Visayas Grid Under Yellow Alert as Power Plant Outages Strip 857 MW

Photo: NGCP / Facebook

The National Grid Corporation of the Philippines (NGCP) has officially placed the Visayas power grid under yellow alert status due to a severe contraction in power reserves. Unplanned forced outages and reduced output across multiple power plants stripped a combined 857.2 MW of electricity from the regional grid. Operating margins have dropped to precarious levels, prompting warnings of potential rotational brownouts.

The grid operator scheduled the yellow alert to take effect from 5:00 PM to 9:00 PM. This timeframe coincides directly with the region's evening peak demand hours, when electricity usage routinely spikes as households and commercial establishments simultaneously activate major appliances.

Critical Supply Deficit

Data released by the NGCP reveals a slim operating buffer during the alert window:

Available Generating Capacity: 2,580 MW

Projected Peak Demand: 2,423 MW

Net Operating Margin: 157 MW

A yellow alert indicates that the grid's operating margin is completely insufficient to meet its standard contingency requirements. If any additional generation units fail while reserves are this thin, the system will rapidly escalate to a red alert. This escalation triggers mandatory manual load dropping—commonly known as rolling brownouts—to protect the integrity of the bulk transmission network from a total system collapse.

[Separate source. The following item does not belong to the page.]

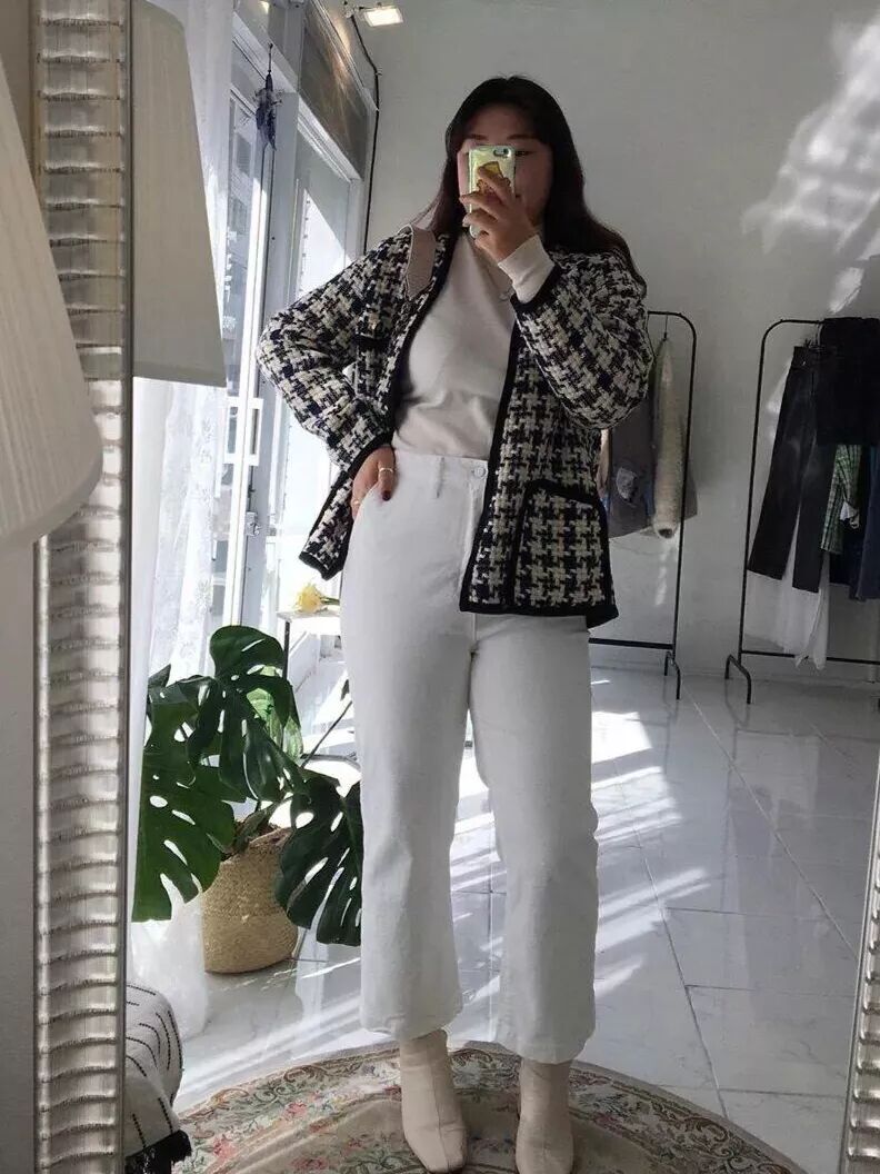 带着细闪的小香风外套,优雅中不失甜美,轻奢感十足,胖女孩穿它超级显气质哦!

Outages Compound Long-Term Strain

The ongoing generation crisis stems from a combination of sudden technical failures and chronic generation deficits. According to the NGCP, the immediate trigger for the yellow alert includes the major forced outages of three dominant regional power units:

Therma Visayas Inc. (TVI) Unit 1 (169 MW)

Therma Visayas Inc. (TVI) Unit 2 (169 MW)

Panay Energy Development Corporation (PEDC) Unit 3 (150 MW)

The current grid pressure is severely compounded by unaddressed long-term outages. A total of 20 power plants remain completely offline across the Visayas grid network. This includes 11 facilities that went down in March 2026, four offline since 2025, two since 2024, two since 2023, and one generation plant that has remained entirely unavailable since 2021. An additional 12 power plants are running on derated capacities, further depressing the grid's potential output.

Mitigation and Conservation

Energy authorities are monitoring the situation to determine if power transfers from neighboring regions can help bridge the current deficit. However, the grid's stability heavily relies on demand-side management during high-load hours.

The Department of Energy (DOE) and the NGCP are strongly urging industrial facilities, commercial establishments, and the general public to practice strict energy conservation measures. Consumers are advised to defer the use of heavy cooling systems and non-essential appliances throughout the designated evening peak hours to help keep the grid operational and prevent widespread power disruptions.